Then let’s start transforming!

(File here) Also see a more in-depth explanation in this post. And a great post from Shelley! And a great Geogebra app from Jed!  SO MUCH AWESOMENESS!

Here’s a practice worksheet:

I actually had students ASK to make a table like the day before because they could see the transformation easier. I also added these type of questions this year:

There is also a GREAT activity I used that is a bit copyrighted. If you are part of a NMSI/LTF school, look for the “Graphing Transformations” activity. Basically it gave the students a graph in the first quadrant. Then it asked them how the domain/range/max/min/x-values of max/min/x-intercepts/y-intercepts/AROC/area under the curve change based on different transformations. (They told them what the area under the curve was.) It would be really easy to recreate and there was a lot of great thinking and previewing of Calculus in it.

Also STAY TUNED TO THIS BLOG for another great activity to practice writing equations of transformations.

Next up, let’s do transform our parent functions!

(File here) Read more about this method at the end of this post. The big idea is that we move the ORIGIN (not the “vertex” since not every graph has a vertex) and count our stretched/shrunk graph from our new origin. So easy and beautiful! Works great for conics and trig functions, too!

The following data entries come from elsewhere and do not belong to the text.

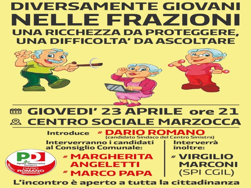 Giovedì 23 aprile alle ore 21:00, presso il Centro Sociale Adriatico di Marzocca, si terrà l’incontro dal titolo “Diversamente giovani nelle frazioni. Una ricchezza da proteggere, una difficoltà da ascoltare”.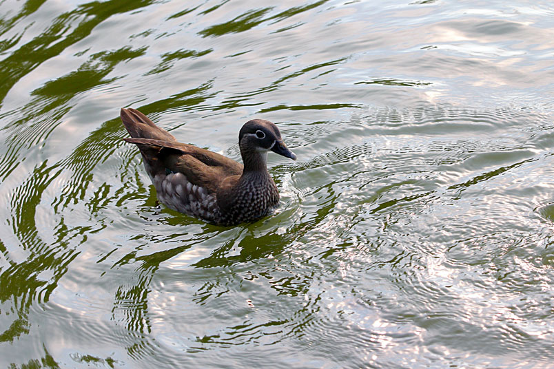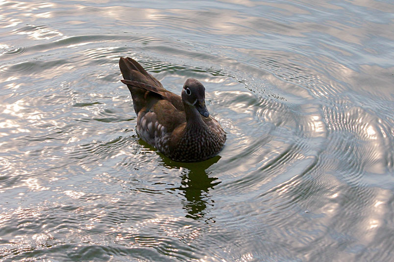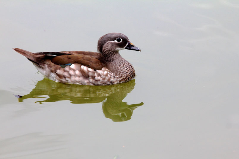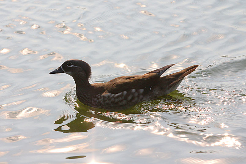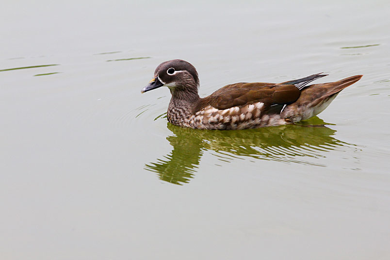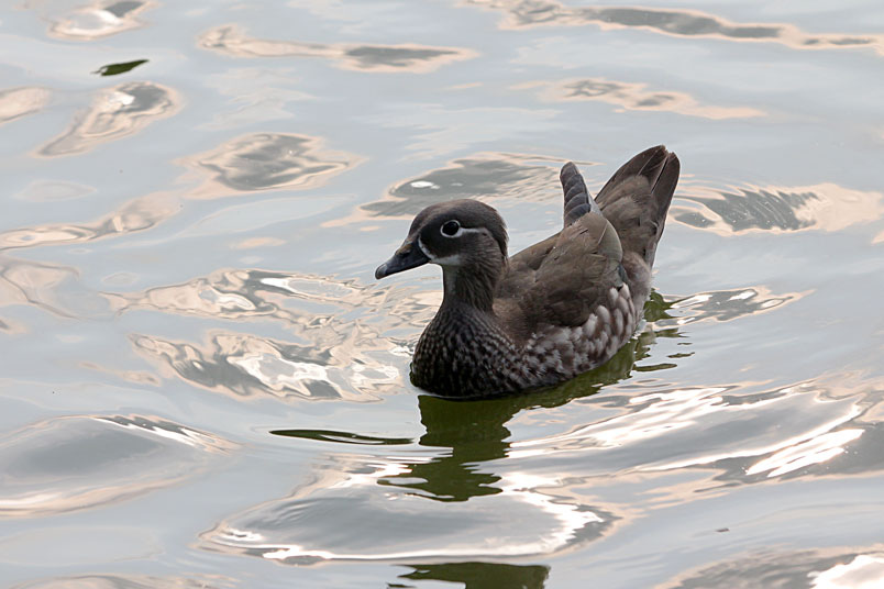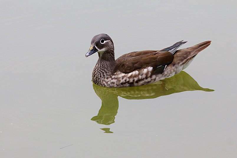 雌鳥嘴喙暗褐色,基部有白色細環,背部暗褐色,眼周圍白色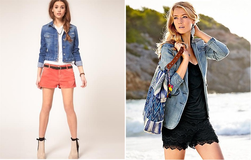 Стилисты предлагают носить джинсовый жакет с шортами, бриджами или капри, сшитыми из денима или любого другого вида ткани. Можно надеть жакет с костюмом и майкой.

We did some speed dating practice with it:

(file here) The first pages are the questions, the second set are the answers. I may change some of them up to make the difficulty more equitable. Some people had really quick graphs and others took a bit longer. Maybe making it so there’s just one hard one, but two easy ones? I’ll let y’all sort that out and get back to me.

So after what seems like forever (yet not enough time), we move onto function compositions:

(file here) Things to notice: I write the outside function first, putting (            ) wherever there is an x. Then plug in the inside function into those parentheses, leaving a (       ) wherever there’s an x in that function. Then plug in the value. This seemed to go a lot smoother than finding g(5), then plugging that into f, especially if you have a composition of more than 2 functions, or if you have 2 x’s in the “outside” function.  Also, notice that cool way of simplifying the complex fractions on #4. Read more about it here.

Homework: (file here)

Then some inverses. I want to do A LOT more with them this year and start talking about them WAY EARLIER (See my flowchart epiphany here). But here’s what I did last year:

(file here) (yes, even though it says 1.7 instead of 1.8 at the top. Numbers are hard.)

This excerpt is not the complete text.